> [WHAT TO WORK ON]:
From the first line of the data below, repeat each line exactly until you reach the line with "足回りは、アラゴスタベースの"; include that line too.

START EXERCISE DATA

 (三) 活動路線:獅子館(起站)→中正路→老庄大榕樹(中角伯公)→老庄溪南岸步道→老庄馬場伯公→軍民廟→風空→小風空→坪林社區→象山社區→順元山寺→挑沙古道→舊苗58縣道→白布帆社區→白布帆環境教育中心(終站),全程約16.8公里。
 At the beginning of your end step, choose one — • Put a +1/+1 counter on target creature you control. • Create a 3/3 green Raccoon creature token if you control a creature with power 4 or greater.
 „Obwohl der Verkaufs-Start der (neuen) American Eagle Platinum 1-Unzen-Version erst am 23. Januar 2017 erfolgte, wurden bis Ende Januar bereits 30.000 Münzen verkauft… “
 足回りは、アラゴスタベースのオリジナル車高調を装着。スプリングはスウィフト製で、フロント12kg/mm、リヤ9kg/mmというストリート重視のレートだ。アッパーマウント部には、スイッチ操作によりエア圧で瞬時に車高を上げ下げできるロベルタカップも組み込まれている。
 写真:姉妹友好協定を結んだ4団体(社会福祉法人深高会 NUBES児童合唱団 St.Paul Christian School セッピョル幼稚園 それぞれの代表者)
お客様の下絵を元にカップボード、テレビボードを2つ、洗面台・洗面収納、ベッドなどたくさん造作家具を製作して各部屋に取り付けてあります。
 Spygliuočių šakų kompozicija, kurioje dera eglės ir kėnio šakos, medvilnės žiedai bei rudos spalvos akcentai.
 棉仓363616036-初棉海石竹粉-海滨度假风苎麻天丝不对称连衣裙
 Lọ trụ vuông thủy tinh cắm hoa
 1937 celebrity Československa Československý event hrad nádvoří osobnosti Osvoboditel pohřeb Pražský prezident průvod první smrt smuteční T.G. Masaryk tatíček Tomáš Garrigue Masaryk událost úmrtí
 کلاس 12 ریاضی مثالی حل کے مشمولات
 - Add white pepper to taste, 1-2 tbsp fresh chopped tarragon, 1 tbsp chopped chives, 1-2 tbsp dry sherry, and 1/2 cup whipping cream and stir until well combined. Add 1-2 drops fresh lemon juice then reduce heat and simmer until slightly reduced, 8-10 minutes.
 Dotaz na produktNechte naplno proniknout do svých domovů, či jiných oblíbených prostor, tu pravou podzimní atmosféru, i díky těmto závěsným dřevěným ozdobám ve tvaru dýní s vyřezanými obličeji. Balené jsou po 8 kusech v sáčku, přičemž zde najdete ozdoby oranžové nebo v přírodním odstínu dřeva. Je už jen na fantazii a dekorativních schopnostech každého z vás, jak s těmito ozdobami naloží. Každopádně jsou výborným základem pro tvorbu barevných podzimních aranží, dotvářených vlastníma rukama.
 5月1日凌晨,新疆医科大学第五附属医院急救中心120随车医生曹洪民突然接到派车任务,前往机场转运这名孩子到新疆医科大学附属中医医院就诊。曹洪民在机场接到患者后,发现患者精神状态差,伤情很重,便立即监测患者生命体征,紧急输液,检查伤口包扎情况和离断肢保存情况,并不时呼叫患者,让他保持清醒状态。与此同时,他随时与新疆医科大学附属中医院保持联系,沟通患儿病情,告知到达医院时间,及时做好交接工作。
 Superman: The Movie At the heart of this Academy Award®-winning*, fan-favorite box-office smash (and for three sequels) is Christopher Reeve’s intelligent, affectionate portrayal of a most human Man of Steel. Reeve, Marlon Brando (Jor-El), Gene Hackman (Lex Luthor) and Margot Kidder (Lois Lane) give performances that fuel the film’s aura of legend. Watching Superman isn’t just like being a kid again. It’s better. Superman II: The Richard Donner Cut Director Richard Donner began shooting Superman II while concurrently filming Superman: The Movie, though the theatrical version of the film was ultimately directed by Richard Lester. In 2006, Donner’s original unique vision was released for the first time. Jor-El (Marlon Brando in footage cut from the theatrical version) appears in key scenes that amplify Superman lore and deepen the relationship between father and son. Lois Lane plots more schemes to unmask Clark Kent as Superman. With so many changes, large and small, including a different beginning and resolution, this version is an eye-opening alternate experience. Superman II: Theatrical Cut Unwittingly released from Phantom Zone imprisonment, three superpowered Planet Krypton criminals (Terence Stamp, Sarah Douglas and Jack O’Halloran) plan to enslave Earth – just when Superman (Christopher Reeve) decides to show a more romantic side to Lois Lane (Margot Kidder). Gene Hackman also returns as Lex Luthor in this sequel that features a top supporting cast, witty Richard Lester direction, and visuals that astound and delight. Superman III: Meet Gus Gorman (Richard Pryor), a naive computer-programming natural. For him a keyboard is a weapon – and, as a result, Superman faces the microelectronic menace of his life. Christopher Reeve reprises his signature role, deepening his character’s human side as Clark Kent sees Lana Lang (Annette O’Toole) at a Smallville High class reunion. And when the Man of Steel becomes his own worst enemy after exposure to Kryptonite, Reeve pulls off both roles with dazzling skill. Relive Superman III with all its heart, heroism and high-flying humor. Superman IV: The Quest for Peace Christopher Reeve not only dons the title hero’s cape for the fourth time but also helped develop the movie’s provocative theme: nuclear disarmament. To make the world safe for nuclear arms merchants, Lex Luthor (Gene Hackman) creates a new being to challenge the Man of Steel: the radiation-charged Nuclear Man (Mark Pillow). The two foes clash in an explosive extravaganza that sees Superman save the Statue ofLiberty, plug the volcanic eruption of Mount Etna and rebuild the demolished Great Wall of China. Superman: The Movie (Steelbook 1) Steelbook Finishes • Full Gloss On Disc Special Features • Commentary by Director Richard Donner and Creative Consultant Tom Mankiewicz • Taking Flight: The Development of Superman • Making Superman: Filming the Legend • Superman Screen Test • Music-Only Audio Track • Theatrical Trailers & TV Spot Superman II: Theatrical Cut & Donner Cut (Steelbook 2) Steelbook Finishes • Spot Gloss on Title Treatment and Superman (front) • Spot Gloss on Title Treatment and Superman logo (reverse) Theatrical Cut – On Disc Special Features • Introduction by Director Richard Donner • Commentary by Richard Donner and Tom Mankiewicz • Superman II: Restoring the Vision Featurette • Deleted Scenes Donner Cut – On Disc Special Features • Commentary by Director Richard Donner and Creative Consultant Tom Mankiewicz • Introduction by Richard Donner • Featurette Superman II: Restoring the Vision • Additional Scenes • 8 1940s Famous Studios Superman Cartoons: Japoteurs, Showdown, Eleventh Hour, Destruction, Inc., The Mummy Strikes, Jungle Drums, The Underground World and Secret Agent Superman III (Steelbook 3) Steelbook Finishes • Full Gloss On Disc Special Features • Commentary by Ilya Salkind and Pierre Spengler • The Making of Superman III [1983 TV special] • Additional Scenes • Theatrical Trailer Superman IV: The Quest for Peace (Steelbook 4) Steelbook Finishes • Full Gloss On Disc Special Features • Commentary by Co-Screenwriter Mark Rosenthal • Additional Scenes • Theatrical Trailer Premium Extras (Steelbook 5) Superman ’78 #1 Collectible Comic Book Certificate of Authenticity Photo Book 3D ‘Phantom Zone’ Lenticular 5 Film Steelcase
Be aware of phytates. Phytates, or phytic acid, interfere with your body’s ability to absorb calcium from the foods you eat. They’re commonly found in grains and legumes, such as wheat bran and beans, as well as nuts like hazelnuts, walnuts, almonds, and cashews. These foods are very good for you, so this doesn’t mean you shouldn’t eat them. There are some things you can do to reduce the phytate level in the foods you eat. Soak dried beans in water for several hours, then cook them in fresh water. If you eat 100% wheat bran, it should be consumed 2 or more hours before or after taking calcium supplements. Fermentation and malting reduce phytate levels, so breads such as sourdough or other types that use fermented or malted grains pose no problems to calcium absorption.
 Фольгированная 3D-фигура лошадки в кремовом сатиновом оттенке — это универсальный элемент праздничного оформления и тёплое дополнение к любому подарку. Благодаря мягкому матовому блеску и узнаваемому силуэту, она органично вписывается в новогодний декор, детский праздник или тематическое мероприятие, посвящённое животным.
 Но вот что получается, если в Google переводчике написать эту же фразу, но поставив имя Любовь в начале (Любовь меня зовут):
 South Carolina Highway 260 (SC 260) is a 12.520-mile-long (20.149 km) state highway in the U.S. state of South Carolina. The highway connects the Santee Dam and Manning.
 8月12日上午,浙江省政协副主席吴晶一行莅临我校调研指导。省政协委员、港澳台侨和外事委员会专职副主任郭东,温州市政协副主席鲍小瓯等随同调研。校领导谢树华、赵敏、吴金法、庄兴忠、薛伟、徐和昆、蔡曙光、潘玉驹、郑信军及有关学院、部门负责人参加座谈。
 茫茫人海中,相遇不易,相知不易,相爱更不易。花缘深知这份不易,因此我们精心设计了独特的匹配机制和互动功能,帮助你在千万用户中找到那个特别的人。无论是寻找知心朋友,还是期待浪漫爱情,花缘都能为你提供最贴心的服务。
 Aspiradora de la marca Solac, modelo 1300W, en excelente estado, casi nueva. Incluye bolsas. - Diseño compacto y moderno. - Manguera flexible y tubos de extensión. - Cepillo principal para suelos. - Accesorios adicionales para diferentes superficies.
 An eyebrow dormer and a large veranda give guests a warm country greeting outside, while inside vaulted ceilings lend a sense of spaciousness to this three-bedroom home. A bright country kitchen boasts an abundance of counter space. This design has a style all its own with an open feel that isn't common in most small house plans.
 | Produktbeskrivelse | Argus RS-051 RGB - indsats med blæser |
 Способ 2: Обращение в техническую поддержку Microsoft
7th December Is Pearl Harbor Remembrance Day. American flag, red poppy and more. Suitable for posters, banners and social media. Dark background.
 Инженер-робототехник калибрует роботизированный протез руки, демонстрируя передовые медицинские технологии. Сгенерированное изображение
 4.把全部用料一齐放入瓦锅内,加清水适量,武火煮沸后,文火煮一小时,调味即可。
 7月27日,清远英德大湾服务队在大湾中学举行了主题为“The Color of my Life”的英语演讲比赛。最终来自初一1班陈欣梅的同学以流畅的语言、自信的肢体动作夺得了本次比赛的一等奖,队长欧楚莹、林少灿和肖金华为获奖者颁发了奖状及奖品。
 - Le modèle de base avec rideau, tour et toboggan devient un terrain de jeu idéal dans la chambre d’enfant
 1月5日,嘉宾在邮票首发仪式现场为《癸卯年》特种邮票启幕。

END EXERCISE DATA

> [RESULT OF THIS EXERCISE]:
 (三) 活動路線:獅子館(起站)→中正路→老庄大榕樹(中角伯公)→老庄溪南岸步道→老庄馬場伯公→軍民廟→風空→小風空→坪林社區→象山社區→順元山寺→挑沙古道→舊苗58縣道→白布帆社區→白布帆環境教育中心(終站),全程約16.8公里。
 At the beginning of your end step, choose one — • Put a +1/+1 counter on target creature you control. • Create a 3/3 green Raccoon creature token if you control a creature with power 4 or greater.
 „Obwohl der Verkaufs-Start der (neuen) American Eagle Platinum 1-Unzen-Version erst am 23. Januar 2017 erfolgte, wurden bis Ende Januar bereits 30.000 Münzen verkauft… “
 足回りは、アラゴスタベースのオリジナル車高調を装着。スプリングはスウィフト製で、フロント12kg/mm、リヤ9kg/mmというストリート重視のレートだ。アッパーマウント部には、スイッチ操作によりエア圧で瞬時に車高を上げ下げできるロベルタカップも組み込まれている。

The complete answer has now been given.